Extracted records:
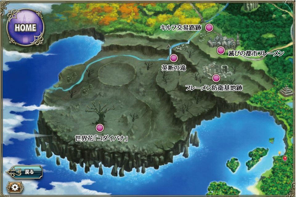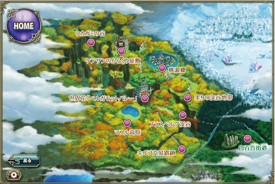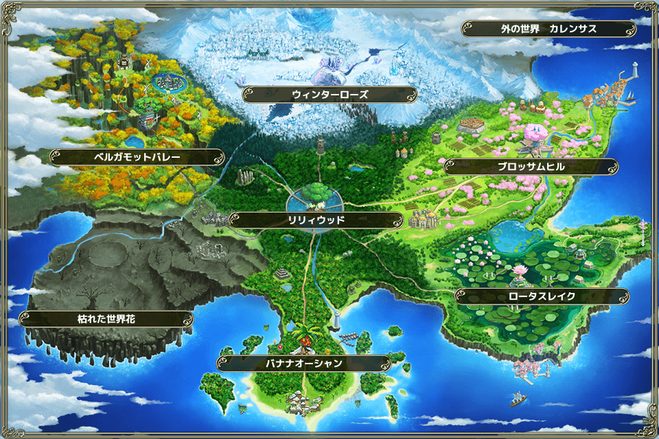 このページは執務室から見られるワールドマップのみに限らず、各種ストーリー・小説等のネタバレを含む可能性があります。ご留意下さい。 スプリングガーデン ワールドマップ †
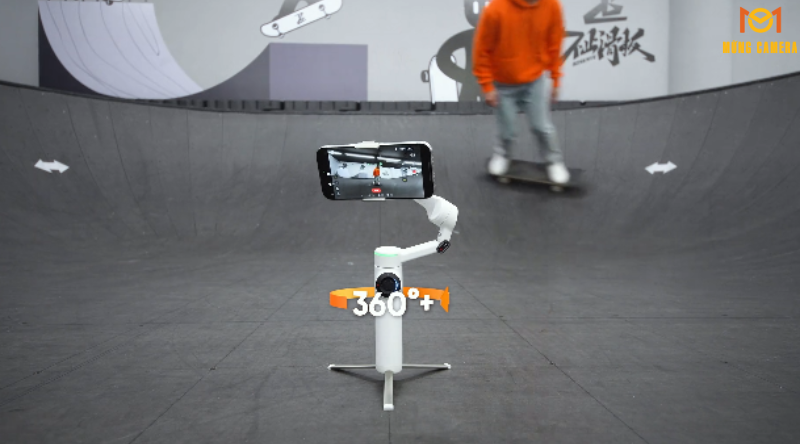 Insta360 Flow 2 Pro hỗ trợ 360° Tracking, cho phép xoay liên tục để theo dõi chủ thể mà không bị ngắt quãng. Điều này rất hữu ích khi quay thể thao, sự kiện trực tiếp hoặc các chuyển động vòng tròn.
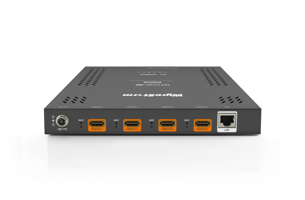 The NHD-124-TX is a 4 input to 4 network stream device encoder compatible with the NetworkHD 100 an ultra low bandwidth AV over IP solution for distribution of point-to-point, one-to-many and many-to-many over a managed network. With its standards-based approach to video encoding, fast and simple system configuration and robust feature set, it provides the best value in networked video distribution.
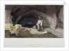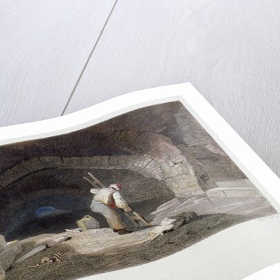 Interior of the Fleet Ditch at the back of Field Lane, City of London, 1851. Showing a man holding a ladder, behind him lies part of a mammal's skeleton.
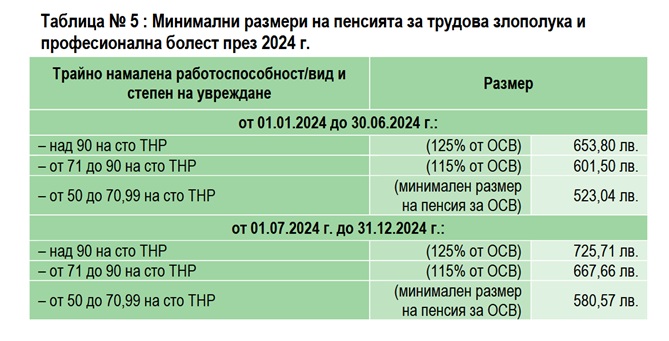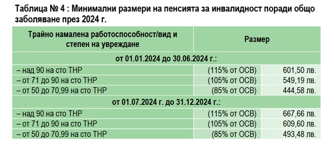 В края на 2024 г. са изплащани 453 334 бр. лични пенсии за инвалидност, като броят им се е увеличил с 22 874 пенсии или с 5,3% в сравнение с 2023 г. (430 460 бр.).
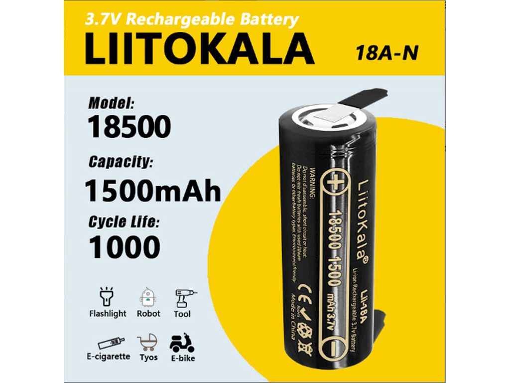 Аккумулятор 18500, LiitoKala Lii-18A-N, 1500mah, з контактами під пайку, Оригінал
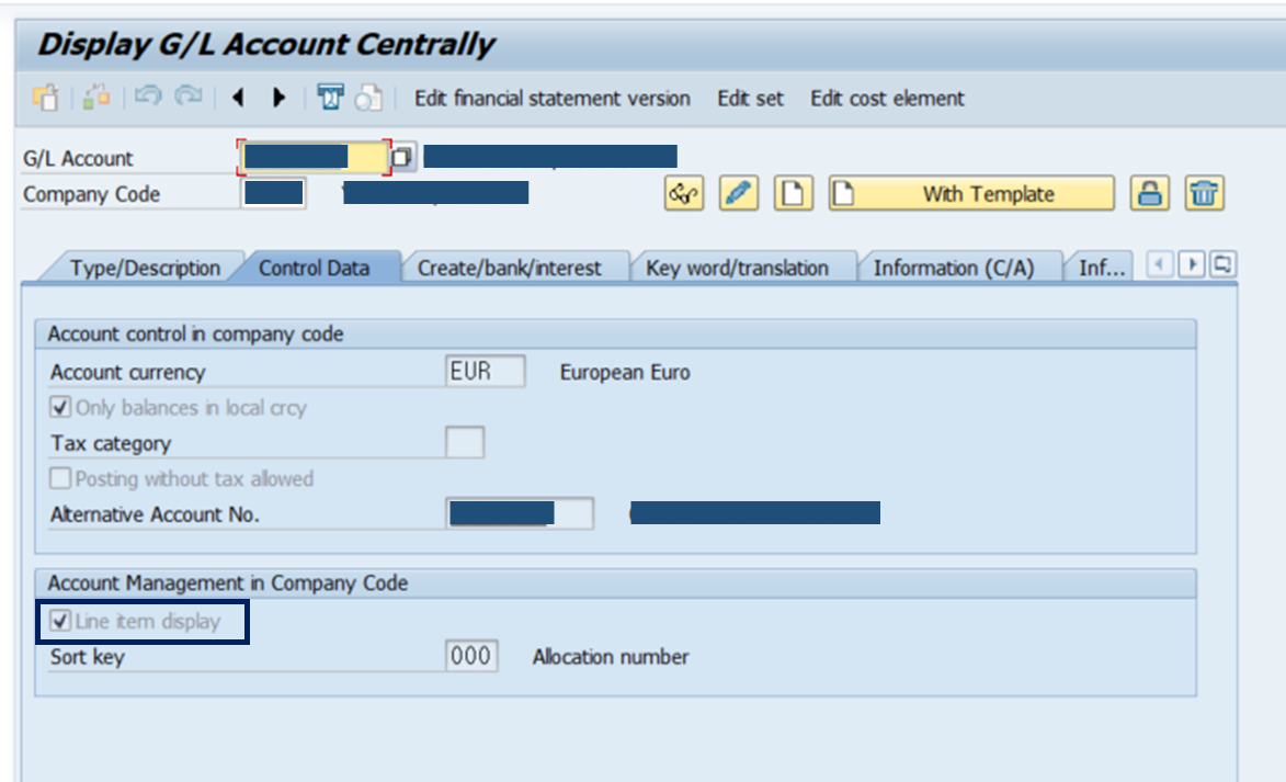1. T-CODE: FS00에서 마스터데이터 변경을 해준다.
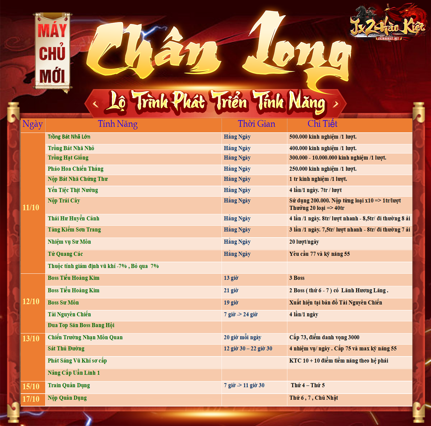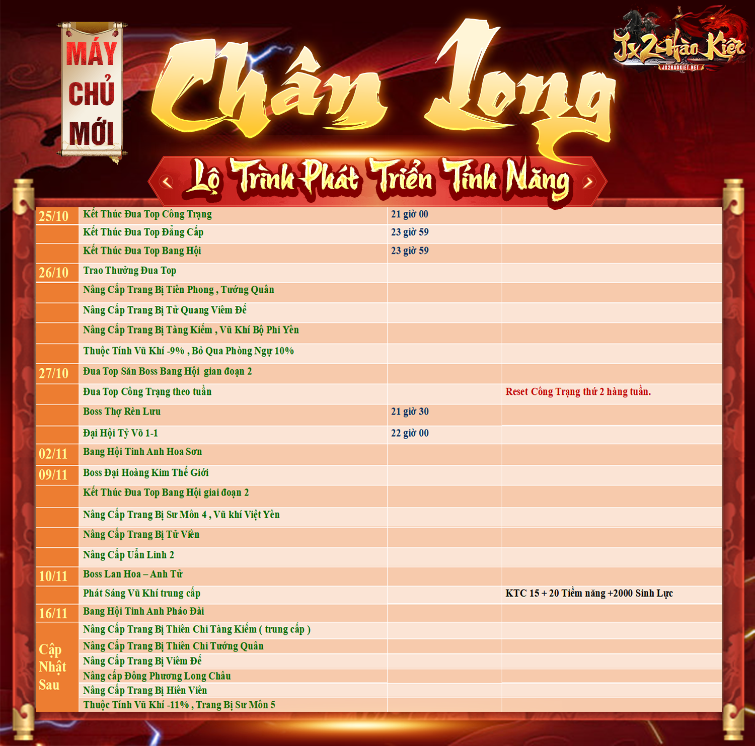 Lưu Ý: đây là lộ trình dự kiến cơ bản, lộ trình có thể thay đổi dựa vào tình hình chung của sever.
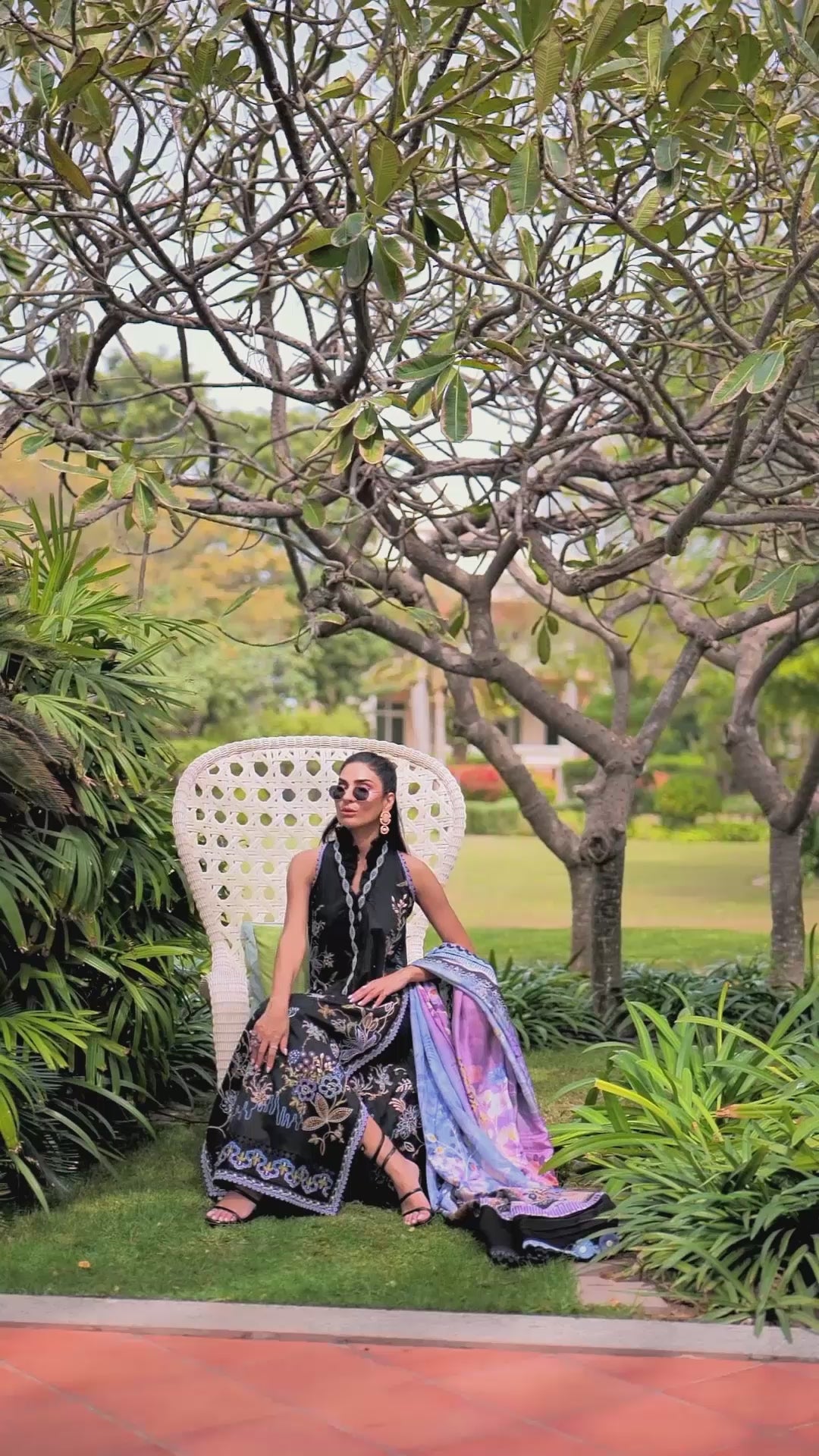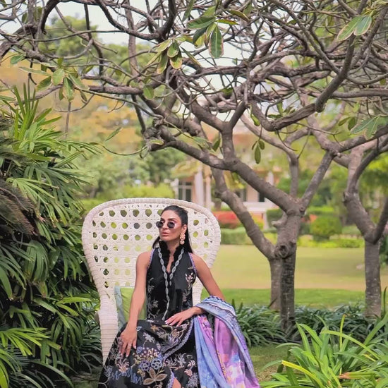 Belle Black is a striking ensemble, the shirt is decorated with impeccably embroidered blooms in enticing blue and lavender hues. The eye-catching embroidery on the sleeves and borders ties in with the stunning pure medium silk dupatta in soothing, refreshing colours ties the whole ensemble together with easy, covetable sophistication. Unexpected details, uncomplicated elegance with the must have Belle Black!!
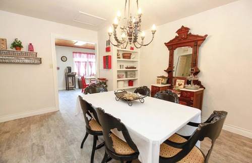 Location, location! 2-bedroom cottage on historic Main St. This nice property features 1 king bed, 1 queen bed, 1 bunk bed, 3 sofa beds, 2 pull-outs with 2 full bathrooms. Perfect for a group getaway. Enjoy easy access to boating/lake activities, shopping, cafes, live music, cavern tours, year-round events or relax on the porch in the heart of the Texas Hill Country in Marble Falls. Just steps to shopping and restaurants.
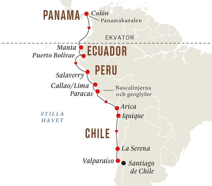 Vår kryssning längs Stillahavskusten fortsätter mot Peru. Ta in de vackra vyerna ute på däck, njut av den utsökta maten ombord eller passa på att utnyttja fartygets alla bekvämligheter.
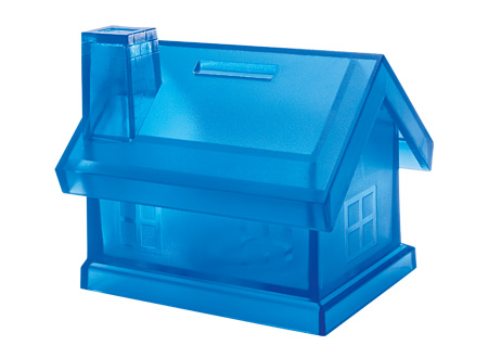 Alcancía "House" con forma de casa. En plástico frozen.

_Task goal:_ The first line of the entries, the line containing "Аккумулятор 18500, LiitoKala", and every line between them are to be output exactly; pictures are not.

_Exercise output:_
 このページは執務室から見られるワールドマップのみに限らず、各種ストーリー・小説等のネタバレを含む可能性があります。ご留意下さい。 スプリングガーデン ワールドマップ †
 Insta360 Flow 2 Pro hỗ trợ 360° Tracking, cho phép xoay liên tục để theo dõi chủ thể mà không bị ngắt quãng. Điều này rất hữu ích khi quay thể thao, sự kiện trực tiếp hoặc các chuyển động vòng tròn.
 The NHD-124-TX is a 4 input to 4 network stream device encoder compatible with the NetworkHD 100 an ultra low bandwidth AV over IP solution for distribution of point-to-point, one-to-many and many-to-many over a managed network. With its standards-based approach to video encoding, fast and simple system configuration and robust feature set, it provides the best value in networked video distribution.
 Interior of the Fleet Ditch at the back of Field Lane, City of London, 1851. Showing a man holding a ladder, behind him lies part of a mammal's skeleton.
 В края на 2024 г. са изплащани 453 334 бр. лични пенсии за инвалидност, като броят им се е увеличил с 22 874 пенсии или с 5,3% в сравнение с 2023 г. (430 460 бр.).
 Аккумулятор 18500, LiitoKala Lii-18A-N, 1500mah, з контактами під пайку, Оригінал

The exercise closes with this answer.